Quelles erreurs gâchent un accord mets et vins ?
Quelques réflexes à abandonner permettent d’éviter les faux pas les plus courants :
- Servir un rouge puissant sur un poisson blanc : les tanins écrasent la finesse du plat, la bouche devient métallique
- Choisir un rouge tannique avec un Roquefort : le sel du fromage durcit les tanins, le résultat est amer et déséquilibré
- Ignorer l’acidité du vin : sur une sauce crémeuse, un vin sans acidité alourdit l’ensemble au lieu de l’alléger
- Associer tanins et curry : les épices amplifient l’astringence des tanins et dessèchent la bouche
- Croire qu’un vin cher garantit un bon accord : un Muscadet à 8 euros sur des huîtres surpasse souvent un grand cru inadapté
Une dernière erreur, plus subtile : accorder le vin avec la viande plutôt qu’avec la sauce. Un poulet à la crème et un poulet rôti ne demandent pas le même vin, même si la protéine est identique. C’est la sauce qui porte les arômes dominants du plat.
Comment choisir son vin selon le plat en 5 étapes ?
Cette méthode fonctionne pour n’importe quel plat, y compris ceux qui ne figurent dans aucun guide. Elle se pose en moins de deux minutes.
- Évaluer l’intensité du plat : léger, moyen ou puissant, en tenant compte de la cuisson et de la sauce
- Choisir un vin de même niveau d’intensité : c’est le filtre principal, il élimine d’emblée la majorité des erreurs
- Décider entre similarité et complémentarité : voulez-vous que le vin amplifie les saveurs du plat ou qu’il les équilibre ?

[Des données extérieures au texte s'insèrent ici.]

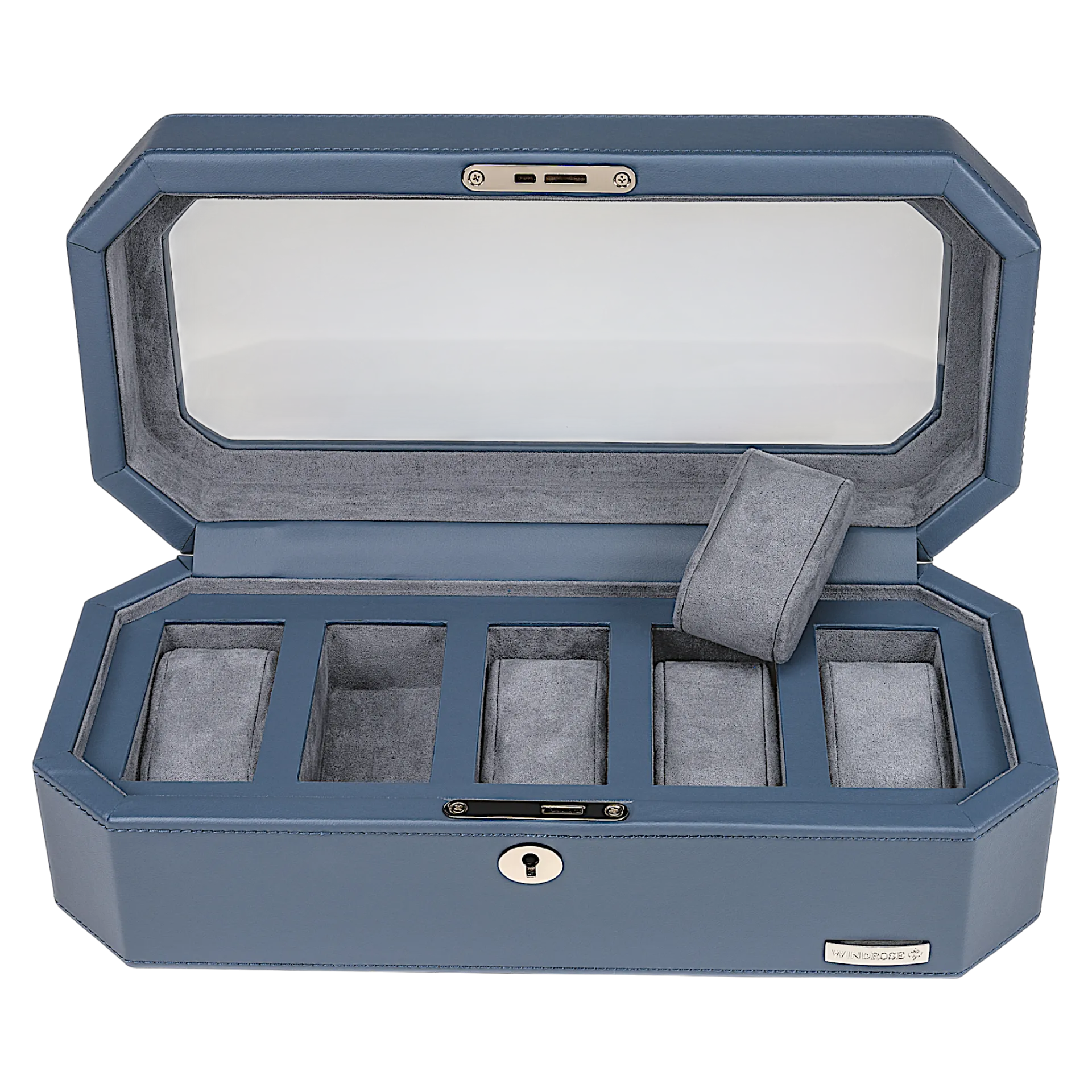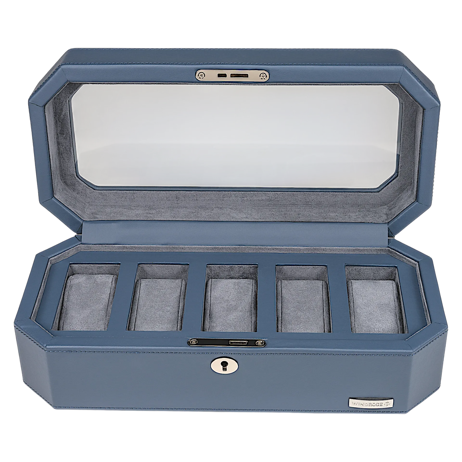 Uhrenbox zur übersichtlichen Aufbewahrung von Uhren. Feine Handarbeit, qualitativ hochwertig gefertigt und äußerst langlebig.- für 5 Uhren- Uhrenpads mit genug Abstand auch für breite Uhren- Deckel mit Sichtfenster- Uhrenpads einzeln entnehmbar- Pads gut gepolstert zur sicheren Aufbewahrung- Breite der Uhrenpads ist 40mm

- Tenir compte du contexte : un rosé frais convient mieux à un déjeuner estival qu’un Châteauneuf-du-Pape ; une table de fête appelle davantage de structure et de longueur en bouche
- Tester et ajuster : aucune règle n’est gravée dans le marbre, et les préférences personnelles comptent autant que la théorie
Une fois ces étapes intégrées, la consultation d’un guide devient un point de départ, pas une obligation. Les accompagnements d’une entrée froide comme les œufs mimosa illustrent bien cette logique : c’est la richesse de la mayonnaise, plus que l’œuf lui-même, qui oriente vers un blanc sec et vif.